2.4.3. Lower production costs
This point includes a wide range of activities that reduce material costs and improve the efficiency of the production process. Material costs are falling as the LED market expands due to economies of scale. Choice of material is another driver. Today, one of the most expensive components of LED material cost is the sapphire substrate, so preferring the use of silicon can significantly reduce substrate costs. Through the reduction of the LED package and thus the size of the entire light source, and, potentially the fixture, is additional optimising material costs. The integration of production steps that are common in the semiconductor industry is another major cost improvement option. For example, technologies that integrate the package and module step, such as chip on board, are being explored.
LED penetrated the backlight market first and now has also made inroads into the automotive sector. However, the major market for LED going forward is the general lighting.

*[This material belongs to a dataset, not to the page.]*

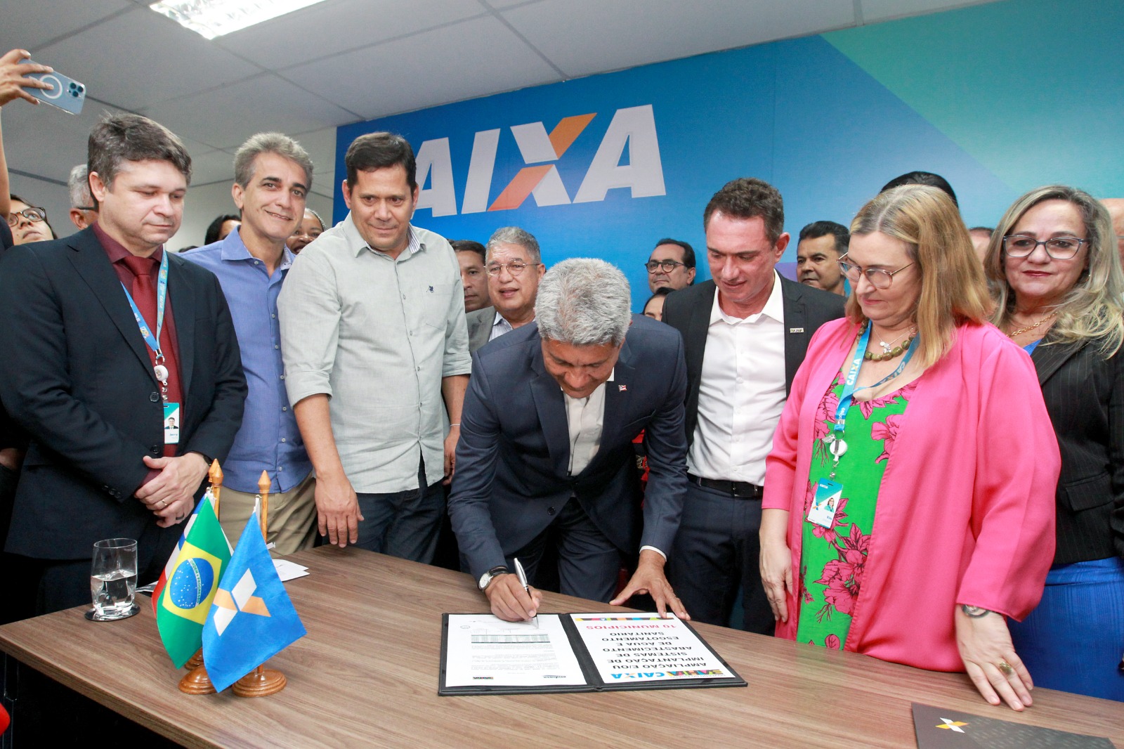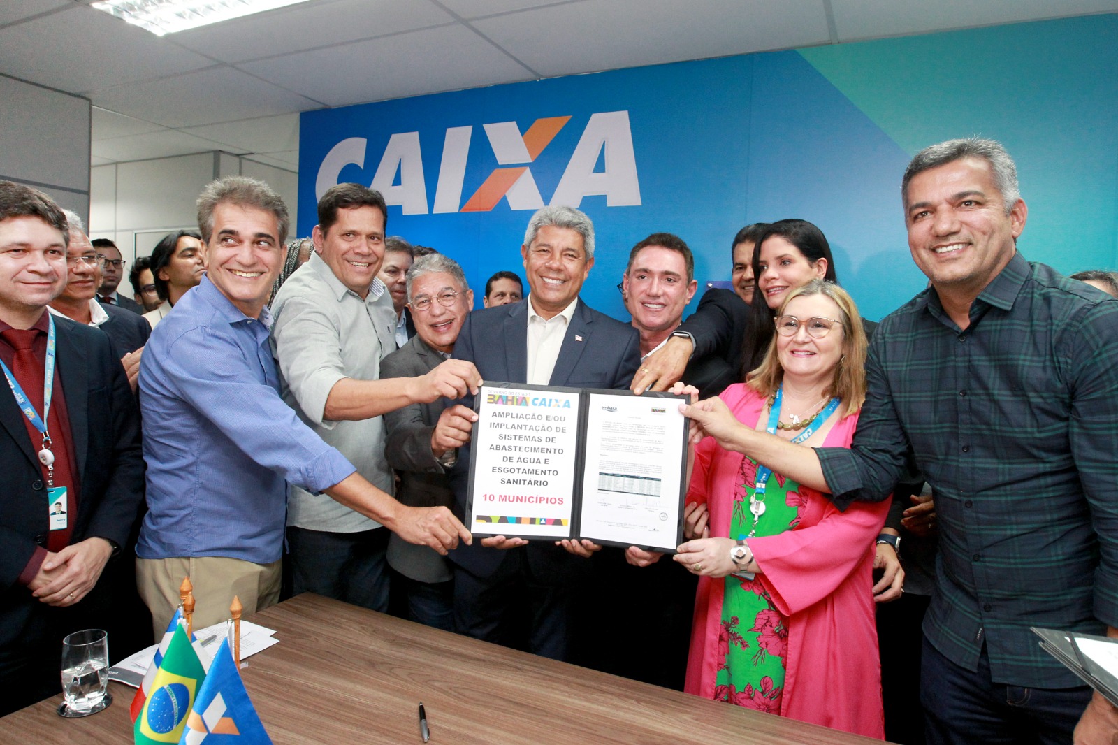 Dez municípios baianos serão beneficiados pelo protocolo de intenções que prevê R$ 730 milhões para financiamento de obras de saneamento básico e esgotamento sanitário para a Bahia. O acordo entre o Governo do Estado e a Caixa Econômica Federal aconteceu na tarde desta terça-feira (18), na Sala das Cidades e Estados, em Lauro de Freitas, que é um dos 74 espaços da instituição instalados no Brasil esse ano, também inaugurado durante o ato de assinaturas com o Governo do Estado e com prefeituras da Bahia.

LED technology has more advantages compared with traditional technologies such as incandescent, halogen and compact-‐fluorescent-‐lamp lighting. The first important aspect refers
to the energy-‐efficiency of LED: in fact, more than 50 percent of the total cost of lighting stems from energy consumption. Secondly, LED is more versatile than other technologies. This point regards the wider variety of colours, the smaller dimensions and the possibility of using LEDs in creative new ways. Third, LED has an extended life, so the result is an LED luminaire, characterised by a light source that is integrated directly into the luminaire.
The forces driving LED adoption will play out differently in various customer segments and different geographies. In fact, in the professional segment, the total cost of ownership is crucial in purchasing decisions. Consequently, professional customers have already moved into more efficient and conventional technologies and are now shifting to LED. Consumers, in contrast, are more focused on the purchase price of the lamp in making a purchasing decision, but we expect an acceleration in the adoption by 2020.
The rate of LED adoption will also differ by region: China and Japan will be the countries that move most rapidly to LED, having high rates of customer acceptance and strong regulations, followed by Europe and North America. While in Latin America and Africa, LED adoption will be a bit slower because of the fact that they remain expensive relative to incandescent lighting.
2.5. The shift to connected lighting
Figure 4: Evolution in lighting; source: OSRAM
2.5.1. Introduction
The increasing popularity of LED gives momentum to another significant shift: the adoption of connected lighting systems, also called smart systems. These systems make more sense if used with LED thanks to the versatility of LED in terms of factors like brightness and colour variation. The construction of the market and the economic conditions are the main factors in the high demand for new, connected systems in lighting.
Residential smart lighting and applications with connected lighting controls offer consumers the ability to add easily intelligence systems and control the light system in their homes. Also, in commercial applications, these solutions offer effective ways of reducing energy consumption for the managers and building owners together with other benefits for stakeholders. Smart solutions mean a reduction in energy consumption and additional functionality in the light luminaires, such as the ability to flash the luminaire.